TEHRAN – A capital market analyst says that TEDPIX, the main index of Tehran Stock Exchange (TSE), is going to improve over the next 1.5 months in comparison to the first 1.5 months of the current Iranian calendar year (started on March 21).
Rouzbeh Shariati believes reaching a possible agreement on the nuclear deal, the stability of the national currency, as well as the less attractive situation of the parallel markets are the important factors that would contribute to the improvement of the capital market.
“Prospects of a political agreement and positive signals from Vienna have reduced the foreign currency exchange rates in the domestic market. The stock market, however, had already anticipated this agreement. In fact, the anticipation of the agreement has already caused the correction of prices in the capital market,” the analyst said.
Unprecedented fluctuations in the Iranian stock market over the past few months have led shareholders, experts, and scholars to call for the government to increase its support for the market, some shareholders want the government to guarantee the return of their stocks, some believe providing infrastructure is the best way to help this market.
Following the rising concerns over the market conditions, in early April, the Government Economic Coordination Headquarters, in its 216th meeting, approved some new directives for regulating the stock market.
Also in late April, senior officials including the parliament speaker Mohammad Baqer Qalibaf, the Governor of the Central Bank of Iran (CBI) Abdolnaser Hemmati, Finance, and Economic Affairs Minister Farhad Dejpasand, and the Head of Iran’s Securities and Exchange Organization (SEO) Mohammad-Ali Dehqan Dehnavi gathered at the country’s parliament to explore ways for supporting the stock market and resolving its current issues.

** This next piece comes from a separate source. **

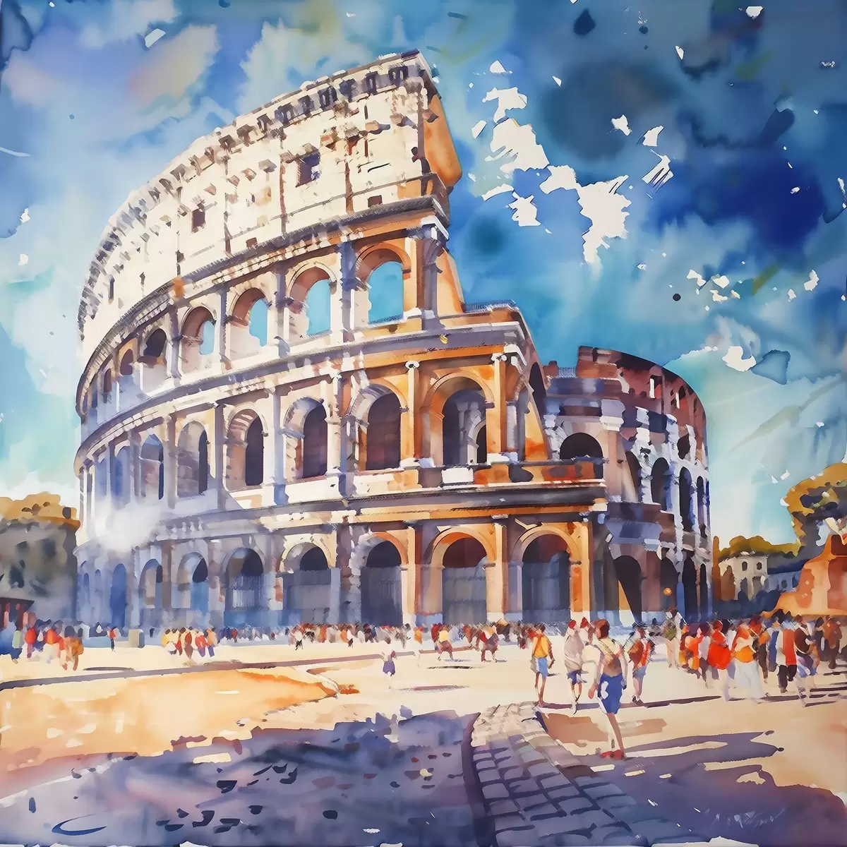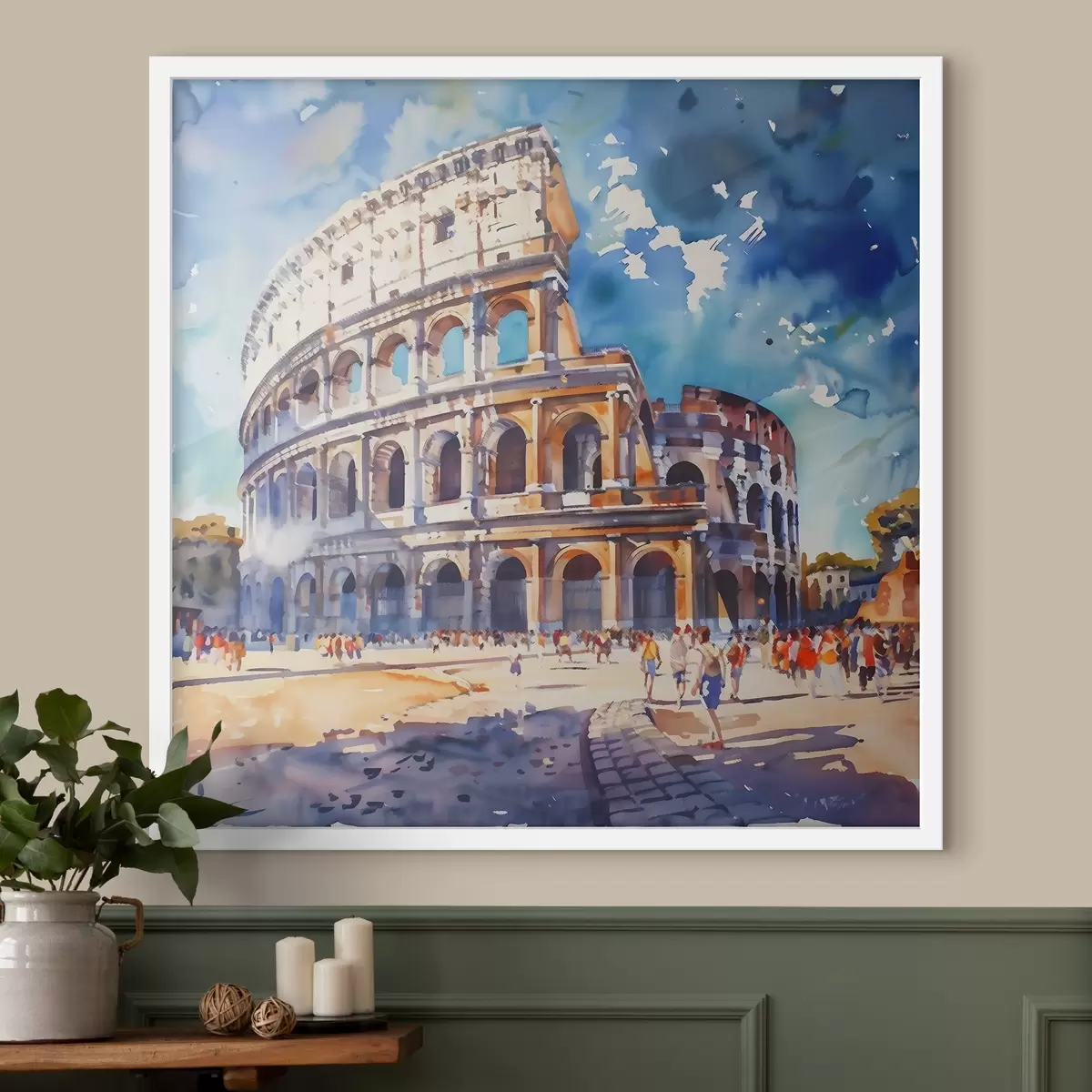 Plakatas Akvarelė, vaizduojanti didelį pastatą su daugybe arkų f38326

After the mentioned meetings, SEO unveiled a new directive package dubbed “7+3” which include allocation of one percent of the National Development Fund (NDF) resources to the stock market stabilization fund, lifting the ban on capital market financial institutions to use banking facilities, and granting five-year residency to foreign investors who buy shares in the Iranian capital market.
The above-mentioned directives have been implemented in the capital market as of April 27th, according to Dehqan Dehnavi.

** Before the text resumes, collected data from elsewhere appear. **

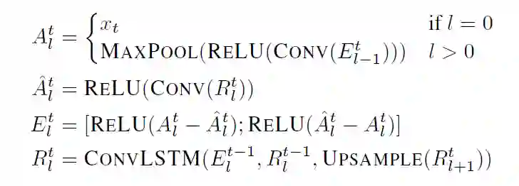 PredNet 架构适用于各种模拟数据,文献 [3] 具体关注图像序列(视频)数据。给定图像序列 x_t,下层的目标设置为实际序列本身,上层的目标则是通过对下层的误差单元进行卷积,然后通过 ReLU 和 Max pooling 处理得到的,使用 LSTM 作为表示神经元。(R_l)^t 利用 (R_l)^(t-1)、(E_l)^(t-1) 更新,以得到(R_l+1)^t。(A_l)^t^ 则通过(R_l)^t 堆的卷积附加 ReLU 处理得到。对于下层,(A_l)^t^ 通过一个设置为最大像素值饱和非线性集:
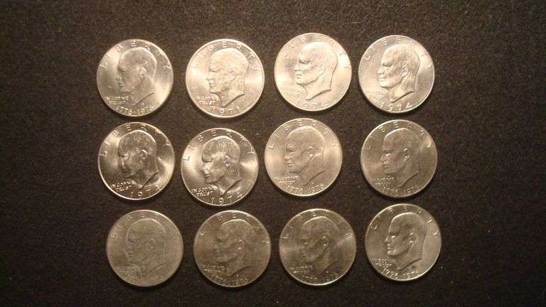 (12) EISENHOWER SILVER DOLLARS - Dates 1971, 1974, 1976
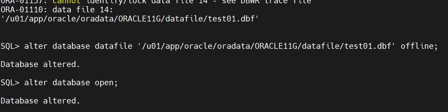 SQL>alter database datafile '/u01/app/oracle/oradata/ORACLE11G/datafile/test01.dbf' offline;
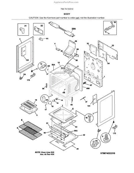 Parts for Kenmore 790.74133312 (79074133312, 790 74133312): Body Parts
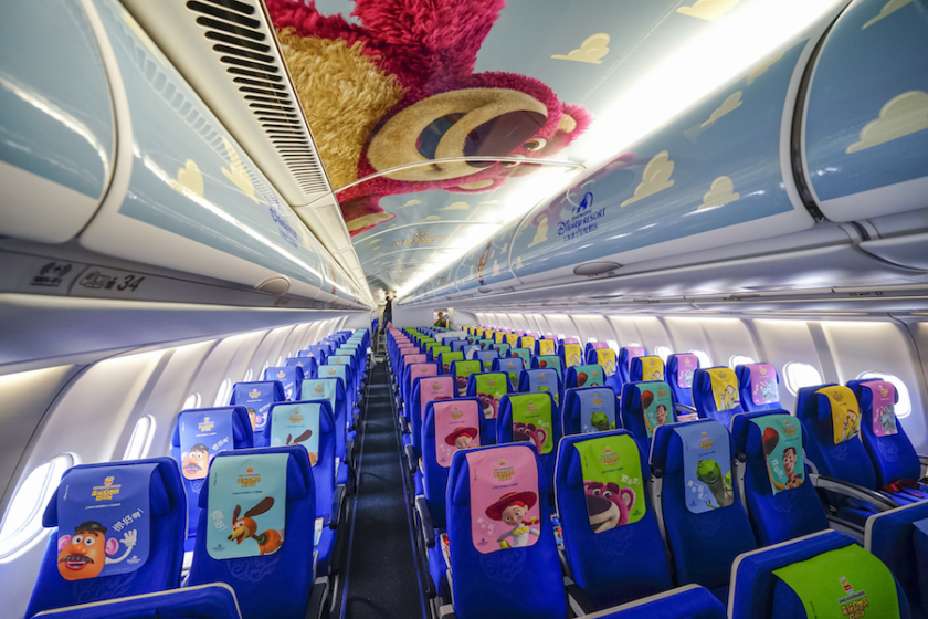 The first Disney·Pixar Toy Story Land themed plane took flight from Shanghai over the weekend, featuring in-flight entertainment and colorful décor that illustrates the new attractions now open at Shanghai Disney Resort. Even the ceiling is decorated for this special flight experience!
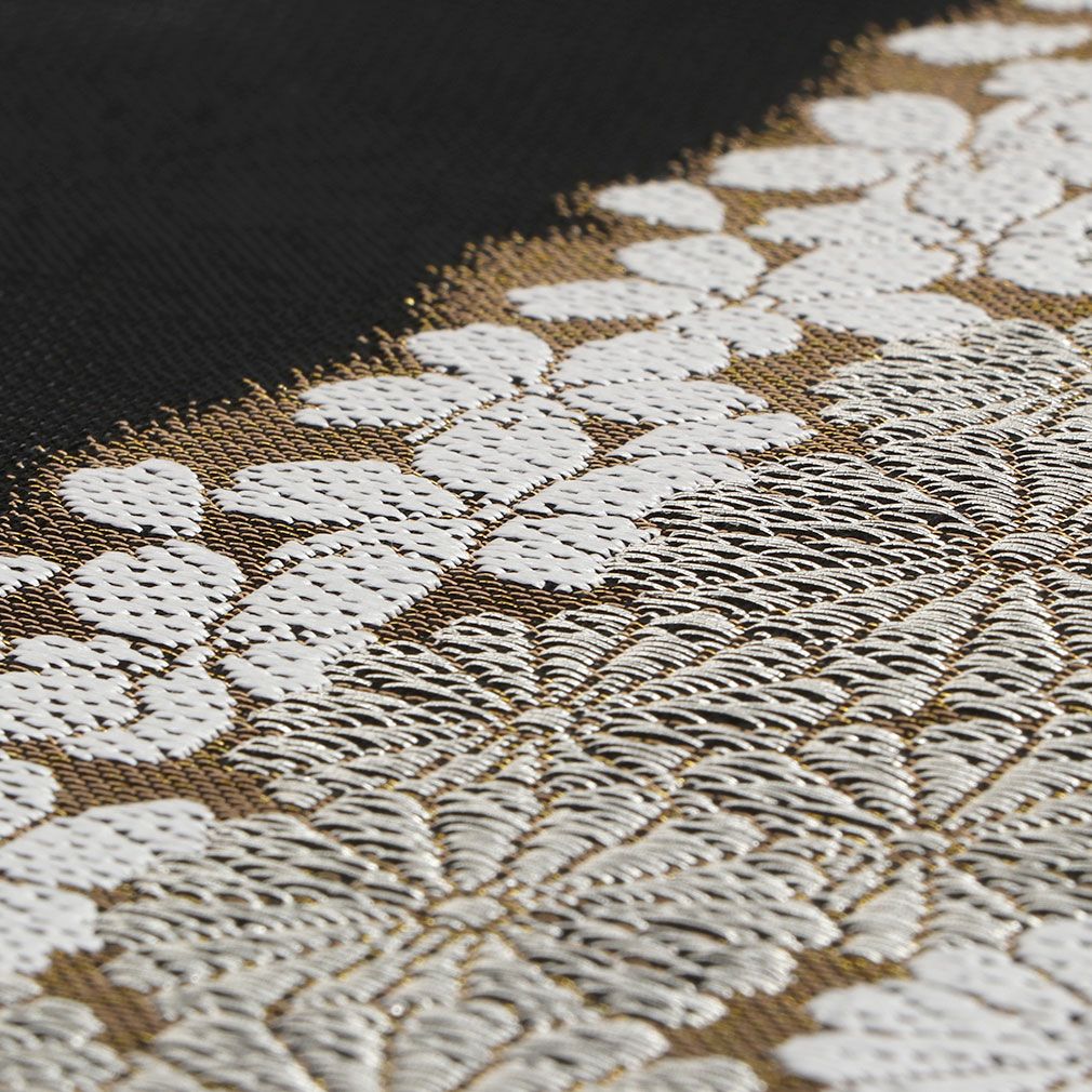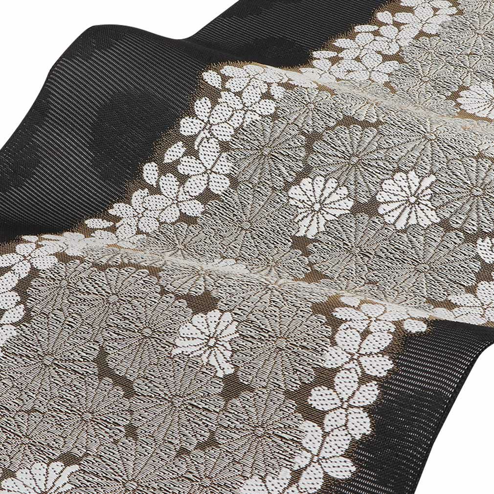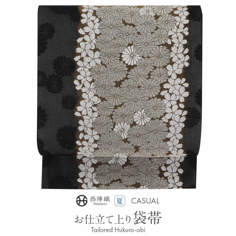 夏季にぴったりの、京都西陣織 沢本織物製の夏袋帯をご紹介します。 上品で繊細な風合いが特徴で、軽くて通気性が良いため、暑い季節でも快適にお召しいただけます。 格式高い黒の生地に桜や菊の小花が織り込まれた上品な袋帯。 着用時の動きによって銀糸が煌めく豪華な雰囲気が、大人の女性に相応しいデザインです。 夏のお洒落訪問着や色無地、小紋などのカジュアルシーンに幅広くご利用いただける逸品です。 特別な日の着物姿を素敵に演出したい方や、上質なお洒落を楽しんでいただける夏袋帯です。 もちろんお太鼓結びが苦手な方や、着物初心者の方にもお勧めの袋帯です。 西陣織ならではの高い技術が生かされた、届いて直ぐに使える夏用のお仕立て上がりの袋帯。 色目を問わず合わせやすい上質な帯で、夏の装いをお楽しみくださいませ。

In the 216th meeting of the Government Economic Coordination Headquarters, President Hassan Rouhani presented a report on the government’s supportive measures for the stock market, saying: “This year, which has been named the year of supporting production and eliminating obstacles, the government is trying to remove obstacles to the growth of the capital market and will try to encourage people to enter this market with the necessary training and arrangements.”
In its latest supportive decision, the government has also approved to inject 240 trillion rials (about $5.7 billion) of resources into the market in the form of bonds which most experts evaluate as a positive measure. It is said that these funds are gradually injected into the market and help increase the liquidity until new resources enter the market.
It has been said that these resources that enter the market will also motivate shareholders, and therefore real investors will be encouraged to invest in the market.